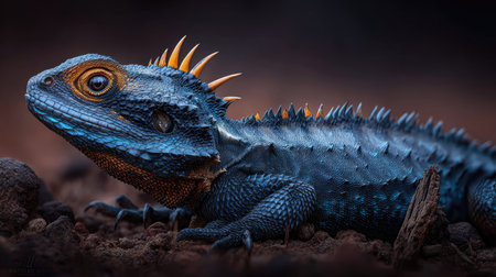 a close-up photo of a vibrant lizard showcasing bright colors, rendered in the style of vray tracing. the lizard stands out against a black background, with its scales displaying a striking combination of light amber and purple hues. the spiky mounds on its body add texture, while softbox lighting highlights its strong facial expression. the image is enhanced by the use of varied brushwork techniques.
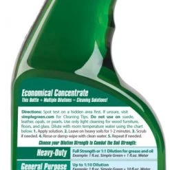 Simple Green All-Purpose Cleaner is a powerful cleaner and degreaser designed for effective and environmentally safer use on all washable surfaces. The biodegradable formula easily removes tough dirt and grime without chemicals that can harm people and the environment. The concentrated formula provides up to 30 times the cleaning value. Use it full-strength for heavy messes or easily dilute it with water for daily cleaning. Removes built-up dirt, grease, food spills, ink, pet stains and other tough grime indoors and out. For use on floors, carpets, walls, countertops, appliances, furniture, fabric, tools and more, this versatile all-purpose cleaner can easily replace a cupboard full of harsh cleaners, detergents, degreasers and laundry pre-soaks, making clean-up simple and safer. This formula is readily biodegradable per OECD 301D. It’s backed by our 100% money-back guarantee.
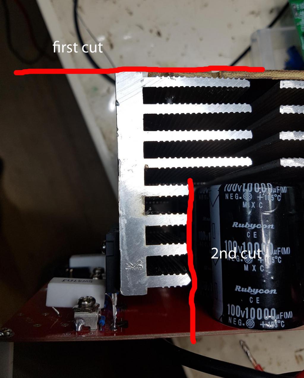 Mark, I sliced the 3kW heat sink lengthways, "1st cut" in the image. Then I shortened the lower 4 fins, "2nd cut", cutting the now two narrow slices. This gave me 2 long heat sinks that fit well and leave ample room for cooling air and bulk caps. I needed one long and 2 short lengths of this stuff for the large totem pole Madness power board. Some remained after I cut what I needed. Two lengths of about 150mm remained. These two lengths are enough to fit the 12 MOSFET smaller power board Madness sells. ![]() wronger than a phone book full of wrong phone numbers |
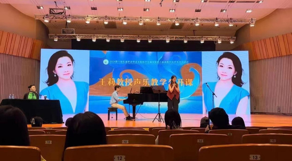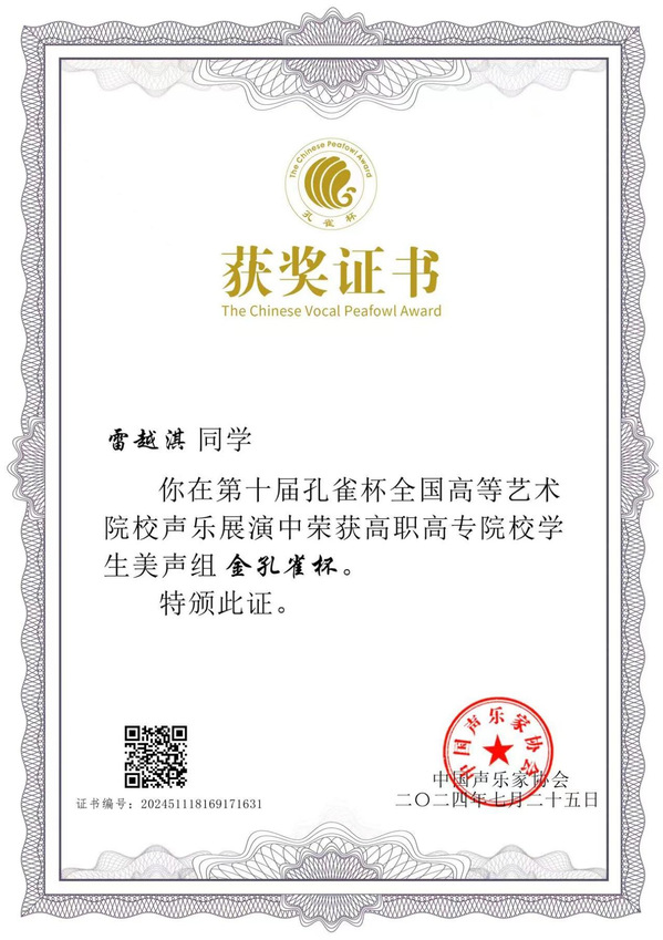 本网讯(通讯员 徐乔婕)7月18日至7月25日第十届孔雀杯全国高等艺术院校声乐展演暨第八届高校声乐学术交流活动在华南师范大学音乐学院举行。我校教育与艺术学部23级音乐教育2302班的雷越淇同学(指导教师高月霞)以决赛第一名的成绩获得高职高专组金孔雀。这是我校学子在国家级声乐比赛中获得的又一次突破。在展演活动中雷越淇同学还被选中青歌赛金奖获得者王莉教授声乐大师班,受到王莉教授高度评价。
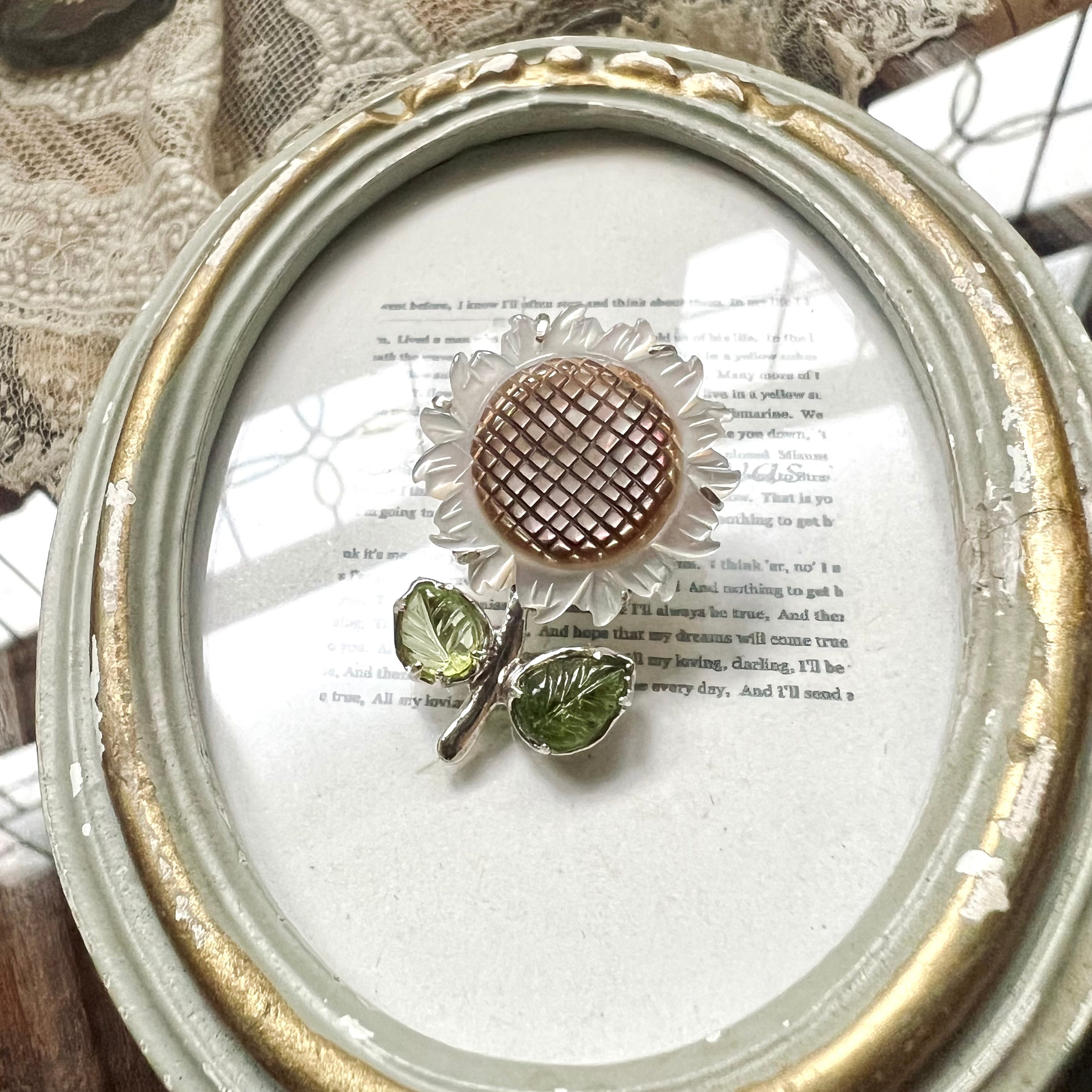 ひまわりと葉っぱのカービングルースを可愛く並べて、ひまわりのブローチに仕立てました。
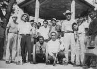 Grupo de obreros en el kiosco de La Fama Montañesa
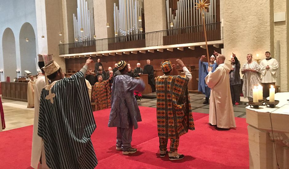 Mönche und Flüchtlinge folgten dem Stern zur Krippe
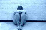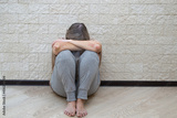 Senior woman with depression stress sad sitting on the floor. The concept of psychological health, emotional anxiety, panic attack, menopause, migraine. The concept of sadness, loneliness, old age.
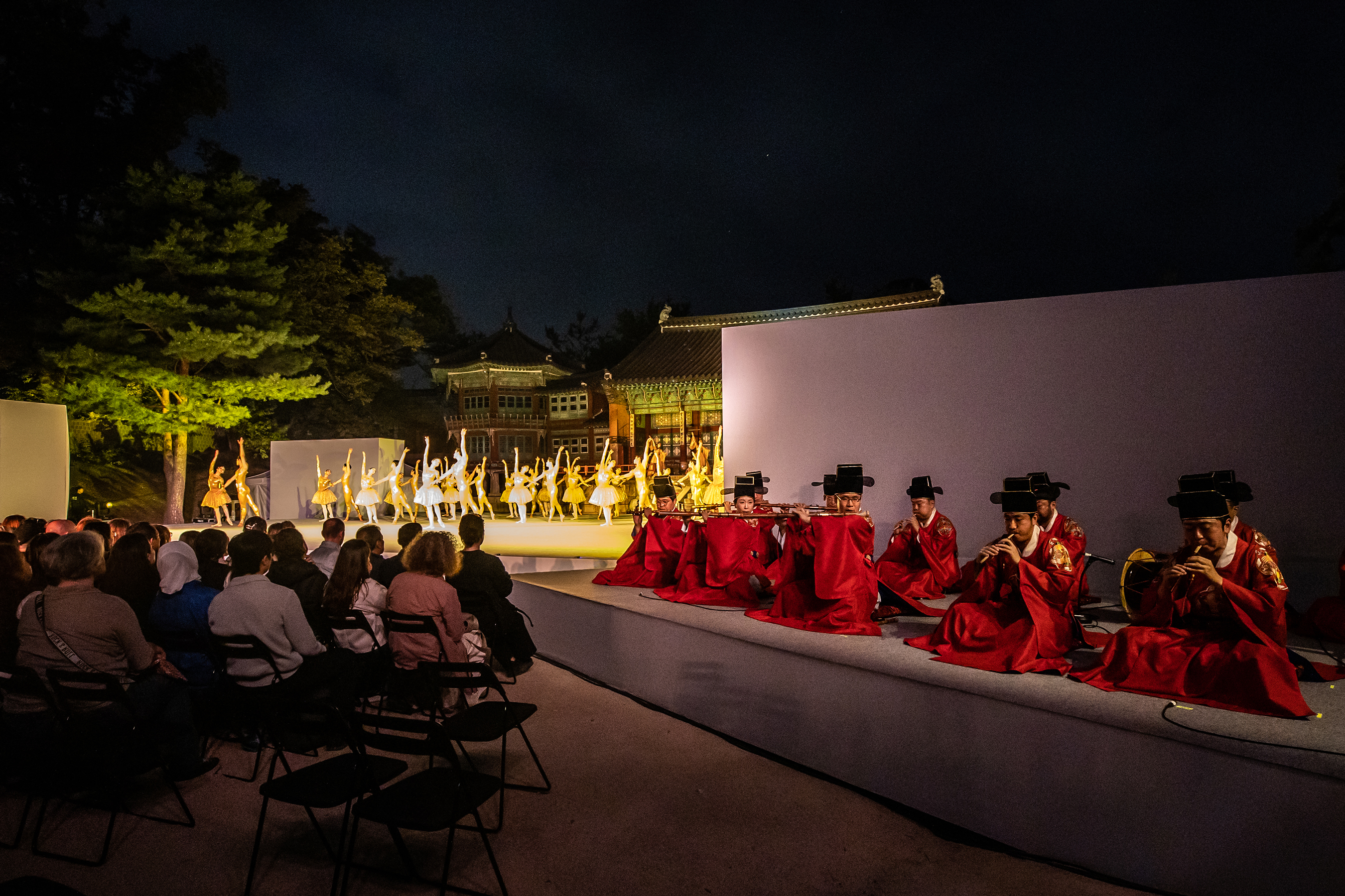 국악 명인 100명이 참여하며, 대취타·여민락·춘앵전 등 전통 궁중 음악의 진수를 선보입니다.
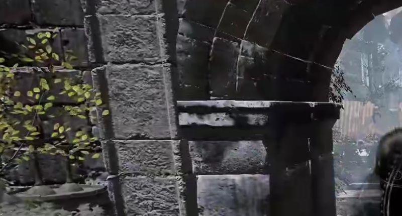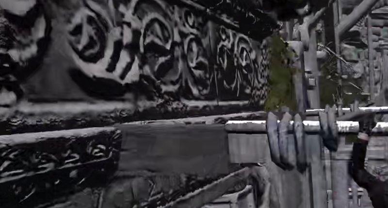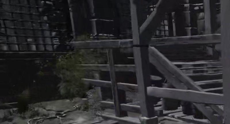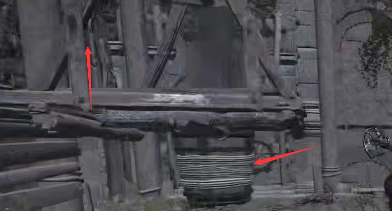 14.再次跑到刚刚的水缸这里,往水缸上面红框框住的绳柱射绳索箭,并拉动,旁边的小门就会打开,流出大量的水
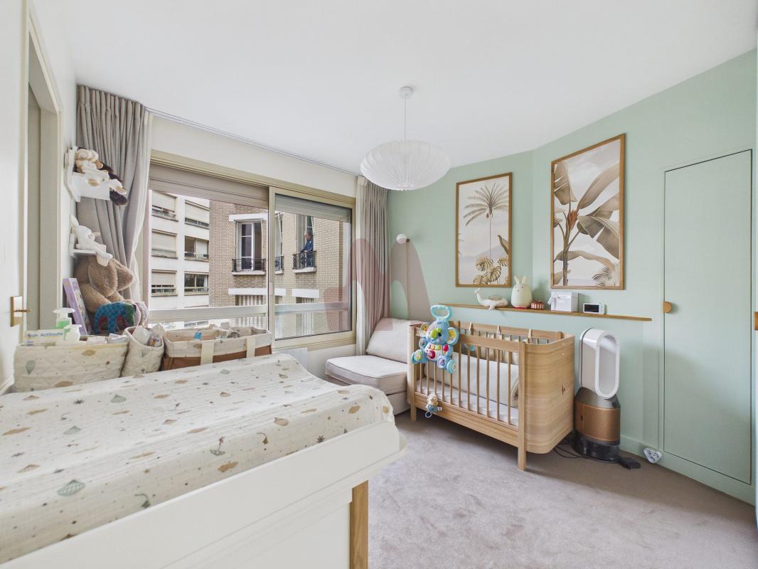 C'est en entrant que vous arrivez en un spacieux séjour de 38 m² baigné de lumière grâce à son exposition sud-est et sa vue dégagée. La présence de 2 baies vitrées y est pour beaucoup dans la diffusion de la lumière. Vous avez alors accès au balcon de 3m² où vous pouvez vous poser avec une vue imprenable sur les Invalides.
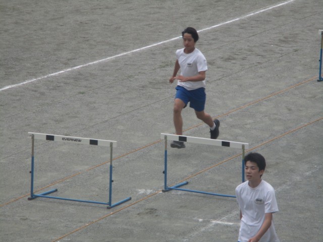 1年生の体育は陸上競技会に向けての練習でした。本番間近ということもあり、練習にも熱が入ります。まわりからも「がんば!」とエールがたくさんとんでいました。
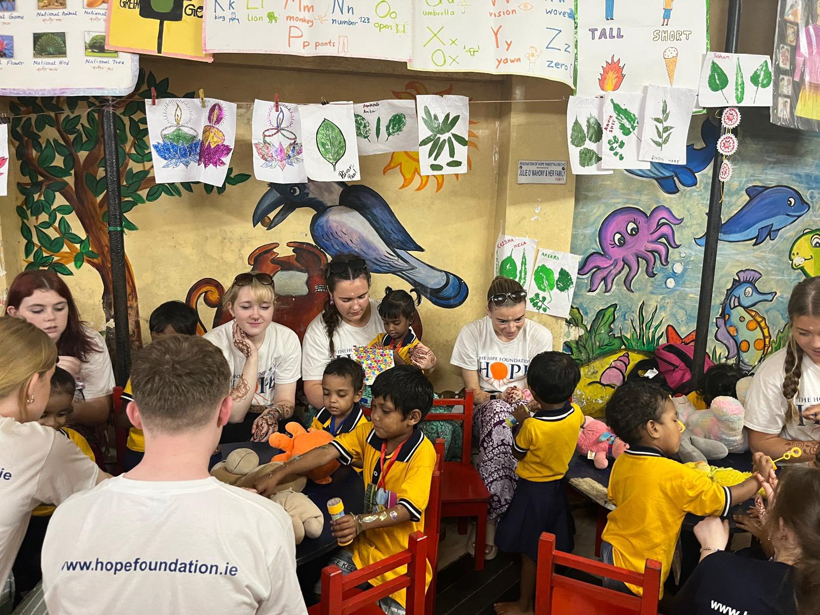 Pictured: Students Jane Phelan, Aoife Mortimer, and Olivia Little in Panditya Creche, Kolkata

::::::::::

WHAT THE TASK ASKS:
Reproduce the data above line for line, from its first line through the line containing "Simple Green All-Purpose", both ends included, with the pictures omitted and nothing more.

YOUR RESPONSE:
 a close-up photo of a vibrant lizard showcasing bright colors, rendered in the style of vray tracing. the lizard stands out against a black background, with its scales displaying a striking combination of light amber and purple hues. the spiky mounds on its body add texture, while softbox lighting highlights its strong facial expression. the image is enhanced by the use of varied brushwork techniques.
 Simple Green All-Purpose Cleaner is a powerful cleaner and degreaser designed for effective and environmentally safer use on all washable surfaces. The biodegradable formula easily removes tough dirt and grime without chemicals that can harm people and the environment. The concentrated formula provides up to 30 times the cleaning value. Use it full-strength for heavy messes or easily dilute it with water for daily cleaning. Removes built-up dirt, grease, food spills, ink, pet stains and other tough grime indoors and out. For use on floors, carpets, walls, countertops, appliances, furniture, fabric, tools and more, this versatile all-purpose cleaner can easily replace a cupboard full of harsh cleaners, detergents, degreasers and laundry pre-soaks, making clean-up simple and safer. This formula is readily biodegradable per OECD 301D. It’s backed by our 100% money-back guarantee.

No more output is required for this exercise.